The second big change is to reexamine organisations and how they are designed. The hierarchical structure and power relationships they create waste energy on politics which would be better focussed on pursuing the organisation’s purpose. The design for organisations today is based on optimising organisations for efficiency where the product or service was well known, the customer demands didn’t change and the environment was relatively well known and slow moving. This is the legacy of Taylorism and is widely recognized to be a poor design for today where all of these assumptions no longer hold.
Amy Edmondson talks about organising for learning (the new model) rather than organising for execution (Taylorism).
There is no one size fits all solution to this problem but the alternative is for organisations to die slowly as they are made less relevant by organisations who have embraced this challenge. Or organisations that have been created with these principles built in from the outset.
There are many inspiring examples of different models out there but here are a few to get you thinking:
The standards of care were falling in community healthcare in the Netherlands and nurses were frustrated in a system which prevented them from providing the service they wanted. All in the name of efficiency and modern practices. Buurtzorg was formed in response to this and has solved these problems by building small community teams which are run as full businesses; there are no HR and marketing and other centralized functions. It has been a huge commercial success with happy employees and customers.
I attended a presentation recently where Andrew Holm explained how he radically transformed his engineering company to survive in a world where it was failing to compete on cost. The details of his presentation can be found here. My brief summary is that he realised that he needed to redesign the organisation so it worked with people’s natural motivations. The organisation was designed to thrive when people followed their natural inclinations, expressed themselves and brought their own individual ‘magic’ to the organisation. This is very thought provoking stuff and I recommend you read their blog.

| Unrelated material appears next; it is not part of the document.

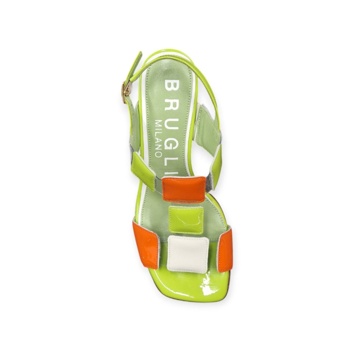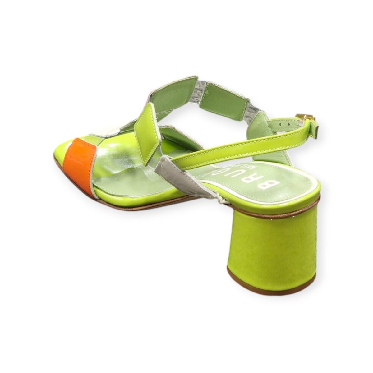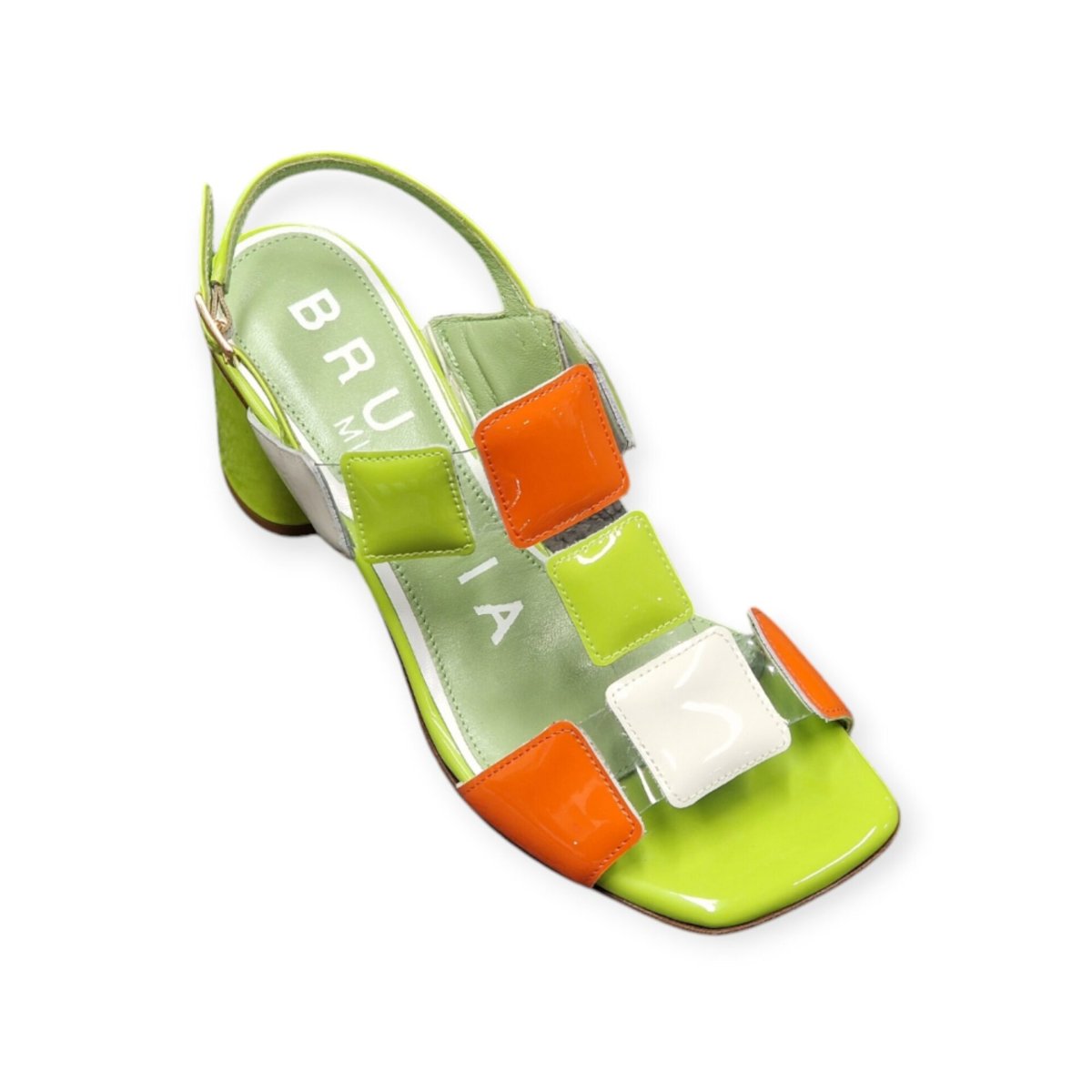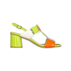 SANDALI “Bruglia” IN VERNICE E VINILE VERDE/ARANCIO 50 mm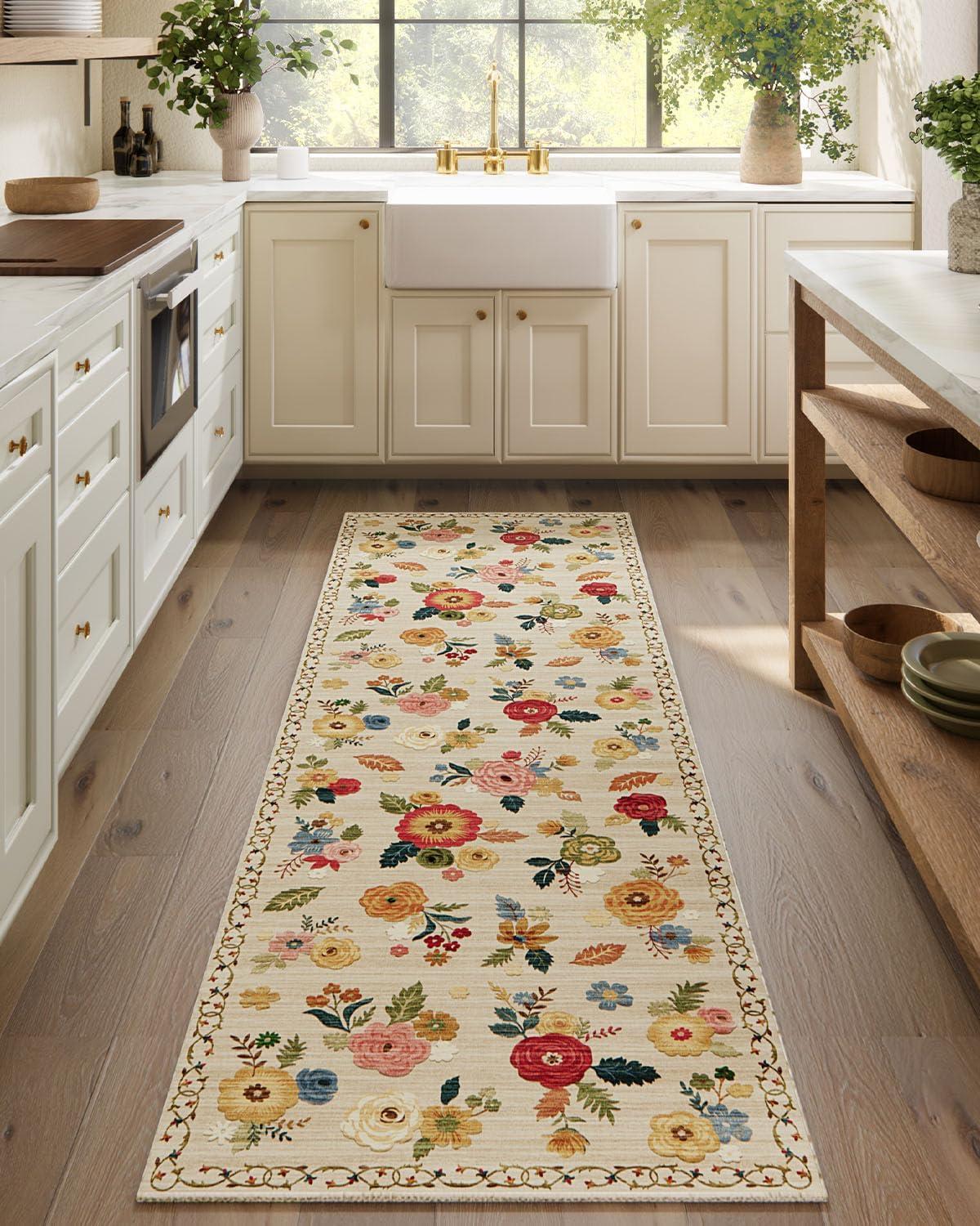 Washable Kitchen Rugs Non Slip: 2'x6' Hallway Runner Rug Stain Resistant Low Pile Floral Floor Rug with Rubber Backing Non Shedding Soft Carpet Runners for Indoor Entryway Bedside Bedroom Farmhouse(Beige Floral)

Finally, I have recently become a board member at the Sleuth cooperative based on their express intent to treat everyone as adults. There are no managers and sub-ordinates, just a group of people with a shared vision (to help local authorities innovate for the public good), a desire to be successful and a recognition that strength comes from working with others. Read more by checking Hilary Simpson’s (the co-founder) updates on LinkedIn.
If you are interested in reading more, Reinventing Organisations has a number of examples of these new models.